In order to be applicable for the novel process of this invention,
the embossing agent should provide a reduction of the pile height
through a shrinkage reaction, should not adversely affect the
printing means, e.g., print screens, and should be capable of being
substantially removed or inactivated subsequent to the embossing
action. other characteristics of the embossing agent which are
desirable, though not essential, include compatibility with dye
print pastes, capability of being regulated by factors of time,
temperature, and concentration, i.e., susceptibility to activation
by a conventional steaming operation and exhibiting no residual
embossing activity. Needless to say, minor adjustments in the
nature of the components and process conditions, and/or the
embossing apparatus can be employed to overcome the absence of
certain of these desired characteristics.

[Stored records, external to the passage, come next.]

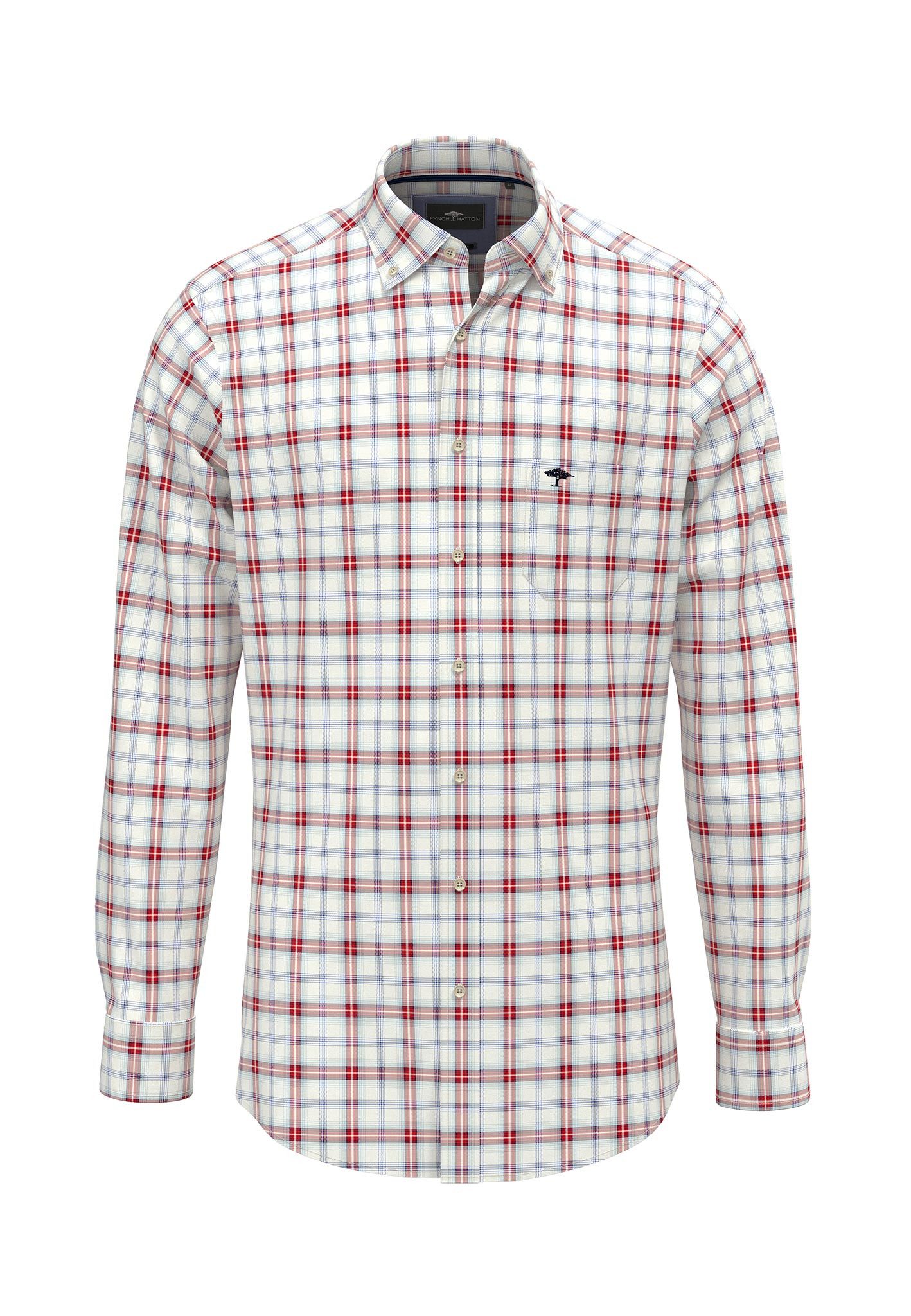Mit dem Karohemd von FYNCH-HATTON stellst du im Handumdrehen ein neues Outfit zusammen. Die Logostickerei macht das Hemd individuell und peppig. Der Button-down-Kragen kommt ohne Kragenstäbchen und gestärkte Krageneinlage aus, denn kleine Knöpfe fixieren die Kragenspitzen und sorgen für guten Halt bei jeder Bewegung. Die langen Ärmel enden in einer Manschette. Dieses Hemd ist taillenbedeckend sowie basic geschnitten, wodurch dein Oberkörper locker umspielt wird.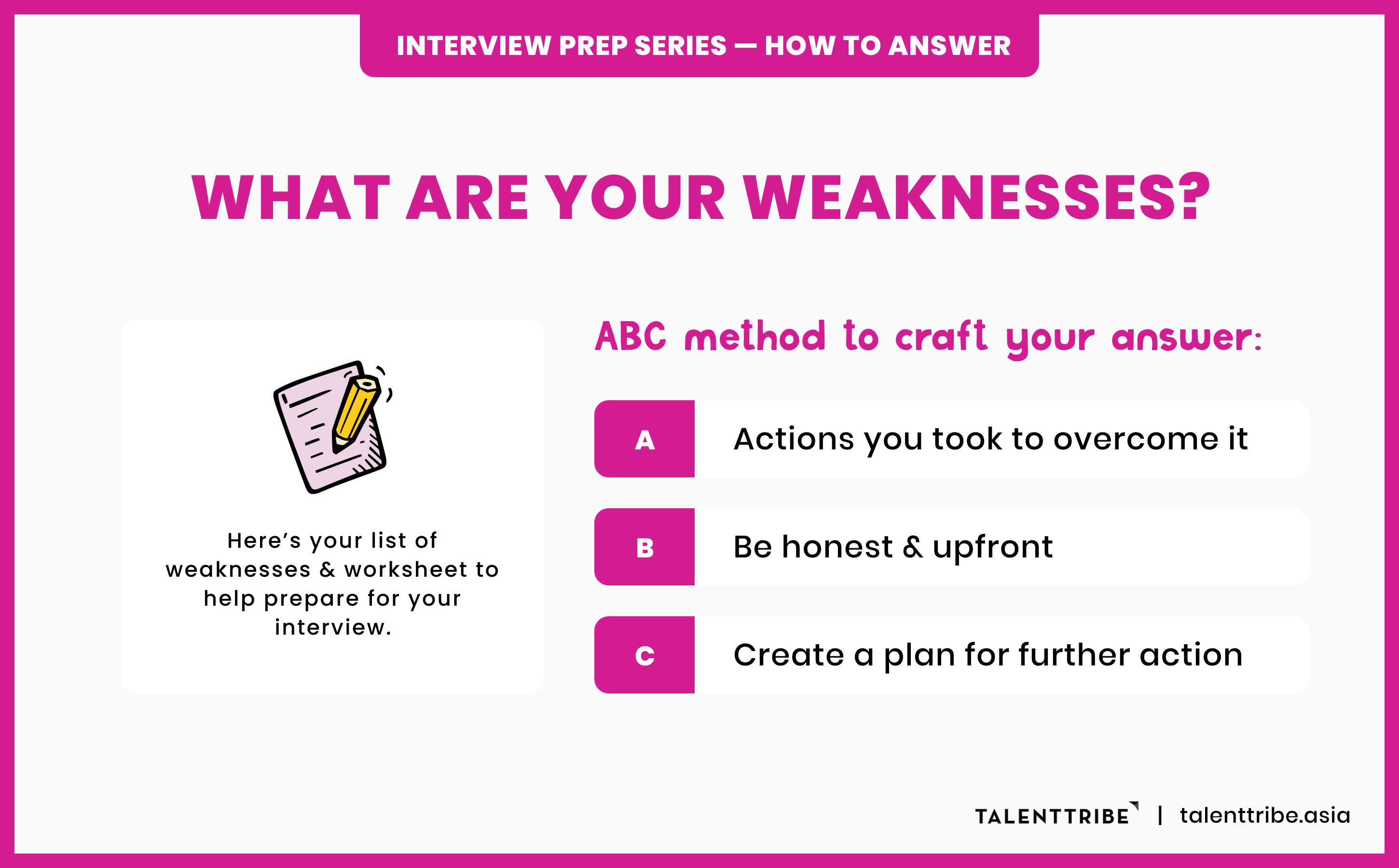 Remember: Keep your story concise and highlight the key takeaways. Leverage on your failure to accentuate your strengths. Don’t just tell the interviewer about the time you failed. Instead, let them know how you turned it around in your favour.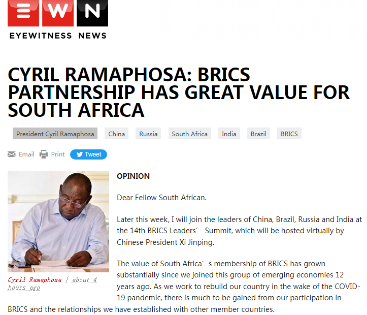 6月20日,目击者网站刊登南非总统拉马福萨署名文章《金砖伙伴关系对南非具有重要价值》,全文摘译如下:
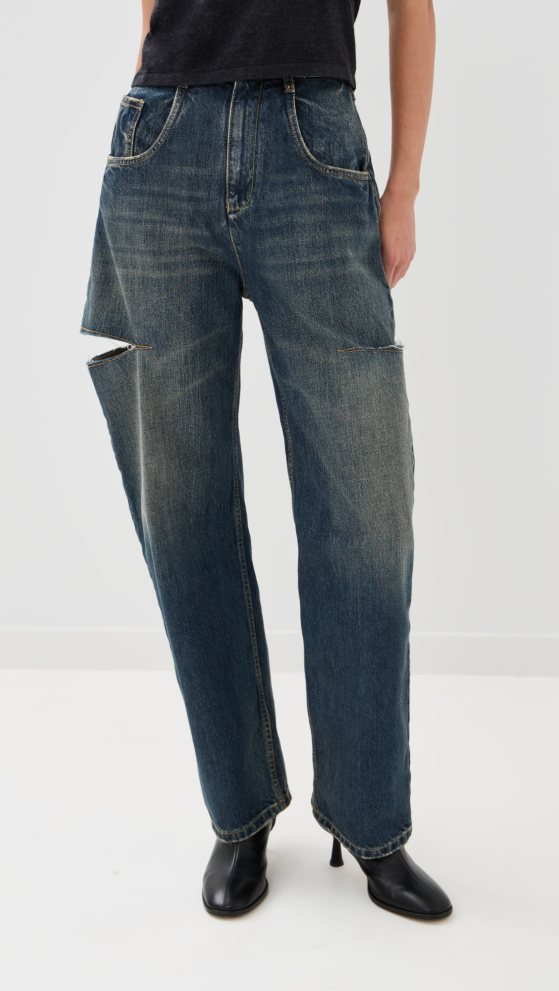 - Fabric: Mid-weight, non-stretch denim - Fading and whiskering - Distressed detailing - Cutout at sides with frayed edges - Button closure and zip fly - 5-pocket styling - Shell: 100% cotton - Wash cold - Made in Italy Style #MARGI41184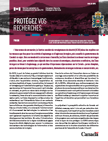 Le préjudice à la prospérité collective du Canada est difficile à mesurer, mais il n’en est pas moins bien réel. Par conséquent, il est important que les Canadiens soient mieux informés des menaces de manière à ce qu’ils puissent continuer d’innover, de collaborer, d’établir des partenariats et de prospérer avec une bonne compréhension des risques et de la façon de s’en protéger. Le SCRS communique avec des parties des secteurs touchés pour améliorer la connaissance de la situation sécuritaire des différentes provinces et de l’ensemble du Canada. Il fournit des informations à des représentants de l’industrie, des organismes gouvernementaux et non gouvernementaux et des universités pour que toutes ces parties prennent les mesures nécessaires pour protéger leurs informations, les fruits de leurs recherches, leurs propriétés intellectuelles et leurs investissements. L’appareil de sécurité nationale du gouvernement du Canada et les communautés d’affaires et universitaires ont un intérêt commun : améliorer leurs connaissances des menaces d’espionnage d’origine étatique visant le Canada pour atténuer leurs répercussions sur la croissance de l’économie et leur capacité à innover. En d’autres mots, le SCRS vous offre son aide pour protéger les biens de votre organisme, son personnel et sa réputation.

The embossing agent for the nylon fibers is applied to one surface
of the pile fabric in any desired design, whether it be random or
predetermined. One of the easiest methods of applying the agent is
by utilizing conventional printing technique such as silk screen or
block printing. The embossing agent can be applied as a
concentrate, as part of a transparent vehicle, or as part of a dye
composition utilized for pile fabric printing. The nature of the
embossing agent dictates the nature of the vehicle to be utilized.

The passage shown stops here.